ECLI:NL:HR:2012:BY5384
Hoge Raad
- Cassatie
- Rechtspraak.nl
Vernietiging van de beschikking inzake verlengingsverzoek partneralimentatie met verwijzing
In deze zaak heeft de Hoge Raad op 7 december 2012 uitspraak gedaan in een cassatieprocedure betreffende een verlengingsverzoek van partneralimentatie. De vrouw, verzoekster tot cassatie, had in april 2009 verzocht om verlenging van de alimentatieverplichting van de man, die eindigde op 1 mei 2009, met tien jaar. Dit verzoek was gebaseerd op een aanzienlijke daling van haar inkomen na het bereiken van de pensioengerechtigde leeftijd. De rechtbank had het verzoek afgewezen, maar het gerechtshof te 's-Gravenhage vernietigde deze beschikking en bepaalde dat de alimentatieverplichting van de man eindigde op 1 mei 2010, met een lagere alimentatie van € 670,-- per maand. De vrouw moest bovendien een bedrag van € 8.000,-- terugbetalen aan de man wegens teveel ontvangen alimentatie.
De Hoge Raad oordeelde dat de motivering van het hof om de alimentatieverplichting per 1 mei 2010 te beëindigen niet voldeed aan de hoge motiveringseisen die gelden voor dergelijke beslissingen. De Hoge Raad stelde vast dat de beëindiging van de alimentatie per 1 mei 2009 al ingrijpend was voor de vrouw, en dat het hof niet voldoende had onderbouwd waarom de beëindiging per 1 mei 2010 niet ook ingrijpend zou zijn. De Hoge Raad vernietigde daarom de beschikking van het hof en verwees de zaak naar het gerechtshof te Amsterdam voor verdere behandeling.

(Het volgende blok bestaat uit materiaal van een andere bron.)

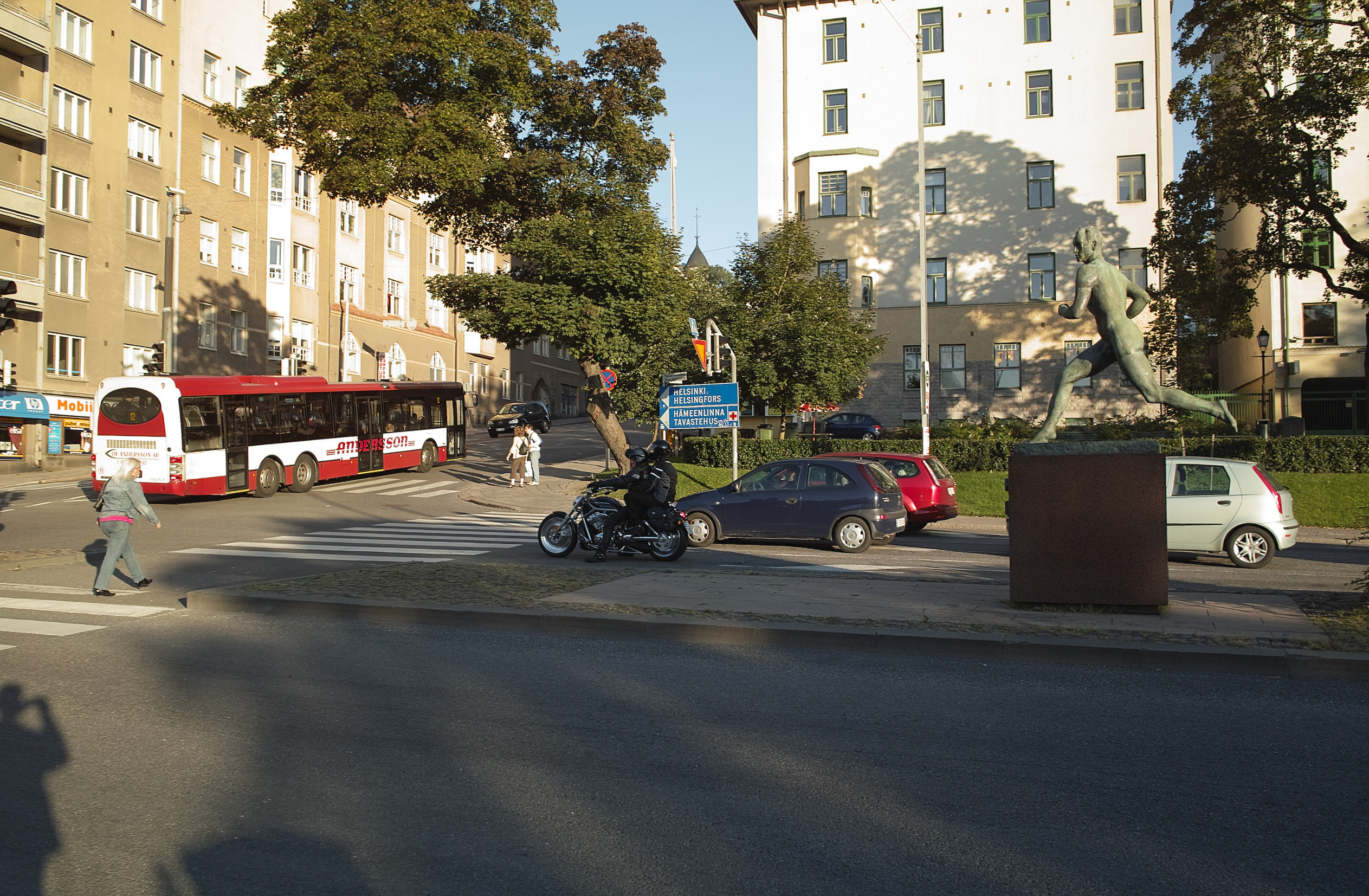 г. Турку. «Летучий финн», Фантом, Человек-часы, Машина для бега (англ. Robot runner), Великий молчальник, всё это Па́аво Йо́ханнес Ну́рми — финский бегун на средние и длинные дистанции, девятикратный олимпийский чемпион, обладатель наибольшего количества олимпийских медалей (12) в истории лёгкой атлетики. Бронзовые фигуры в его честь исполненные Вайнё Аалтоненом находятся в музее Атениум (1925), перед Олимпийским стадионом Хельсинки (1952), а копия вот она, в Турку (1955) где он родился и начал бегать.

De uitspraak benadrukt de noodzaak van zorgvuldige motivering bij beslissingen over alimentatie, vooral wanneer deze een aanzienlijke impact hebben op de alimentatiegerechtigde. De Hoge Raad bevestigde dat de omstandigheden van de vrouw, waaronder haar inkomensdaling en arbeidsongeschiktheid, zwaarwegend zijn in de beoordeling van de redelijkheid van de beëindiging van de alimentatieverplichting.